Sunday, August 9, 2009

Time without consequence

Missing Mirrors

If Maui was about feeling at home in my skin,
Then Andros Island was about the beauty of inconvenience

I had the luxury of riding in many cars
Some without mirrors, some right hand drives, other left hand drives,
And one which had to be jumped into half a block from home because there was a swarm of bees buzzing around the drivers’ side door.
The van I drove to pick the girls up had half a key stuck in the ignition and
a power seat that was jammed, nothing a simple pillow thrown behind me wouldn’t fix

The day I picked up Ebony from her work place, the car ran out of gas
And though we were at a gas station, the lady at the grocery store kindly informed us that they had gas, but the pump was not working.
We sat in the van waiting, not really minding much,
for help from family, which came in the form of uncle Tibby, who drove half the island with a canister of gas, and after topping up the van, drove off again with barely a word, suggesting that this was a rather routine occurrence.
We later found out that the gas pipe was leaking, draining the car of gas.

The internet had been down for 2 weeks,
kocked out by a storm
In order to plan the next leg of my trip Ebony, Shiraz and I drove 20 minutes to the airport almost daily, armed with a laptop and no extra battery.
We roasted in a van in the hot Bahamian sun - squatters in a parking lot shamelessly calling the Western Airlines Terminal Andro’s latest internet cafĂ© for an hour at a time.
At home, there was dial-up – as long as the phone lines were up – and a phone book
Despite all of the seeming inconveniences, a lot of things got done,
The only difference, other than the speed,
Was the noticeable absence of stress I was more accustomed to.

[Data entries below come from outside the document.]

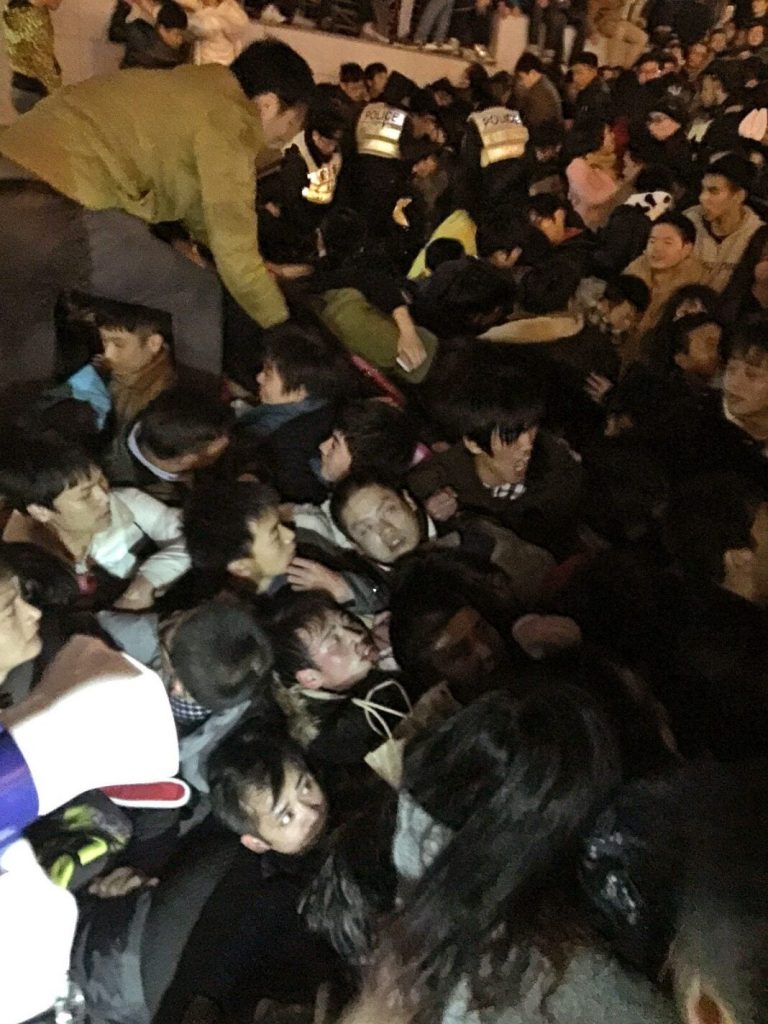 Την παραμονή της Πρωτοχρονιάς του 2014, δεκάδες χιλιάδες άνθρωποι συγκεντρώθηκαν στην παραποτάμια περιοχή Bund της Σαγκάης για να υποδεχθούν το νέο έτος. Λίγο πριν τα μεσάνυχτα, λανθασμένη πληροφορία για διανομή δώρων προκάλεσε ξαφνική μετακίνηση του πλήθους.
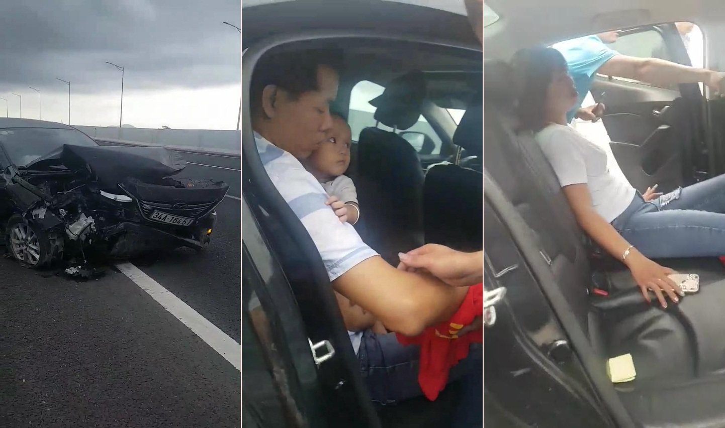 Tại hiện trường, ô tô Mazda biến dạng tan nát phần đầu, túi khí ở cả ghế lái và ghế phụ đều bung. Nam tài xế Mazda cùng đứa con nhỏ và người vợ lần lượt được các tài xế khẩn trương ứng cứu, dìu ra ngoài, vẫy xe đưa ra khỏi cao tốc. May mắn, một tài xế xe khách 16 chỗ đã tốt bụng dừng lại, cho cả gia đình đi nhờ.
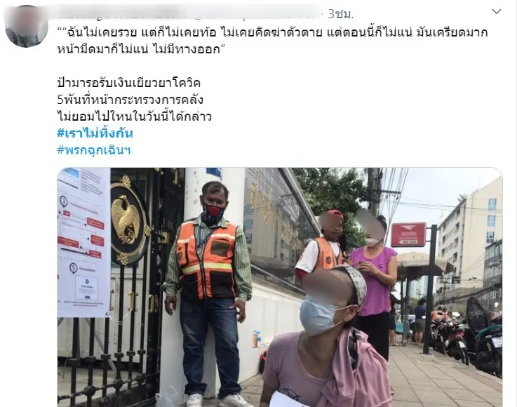 ชาวเน็ตทวิตภาพสุดสลดใจ มีมาอีกแล้ว ที่ บ่ายวันนี้ มีสาวท่านหนึ่ง นอนขวางประตูทางเข้าออกประตู 4 กระทรวงการคลัง เพื่อร้องเงินเยียวยา 5 พัน "เราไม่ทิ้งกัน’ "ขอพบ ‘ลวรณ-อุตตม’ ของเจ้าหน้าที่
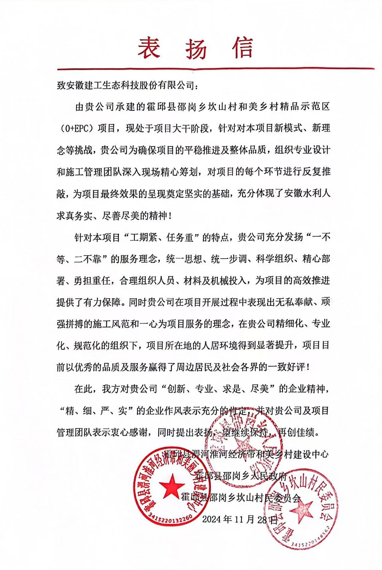 11月28日,安徽水利霍邱縣邵崗鄉坎山村和美鄉村精品示范村(O+EPC)項目獲霍邱縣邵崗鄉人民政府等多家單位來信表揚。

I started to wonder if my suspicions had always been true, that less is more.
I wondered if we weren’t distracted by a million events in a day,
Constantly pushing ourselves to work at peak efficiency,
worried if we made it on time to 3 appointments a day,
when 1 would have been enough to satisfy
Would we trade the life packed to its gills with activities, striving perfection in order to achieve our schedues’fulfillment,
for one with a little less - but as I’m starting to see - one that is infinitely richer.

My mind drifts back to the dish washer in San Francisco
Where Katya commented, almost reading my mind,
That when you are living life out so loud,
You really don’t need a dishwasher in your life to keep you happy.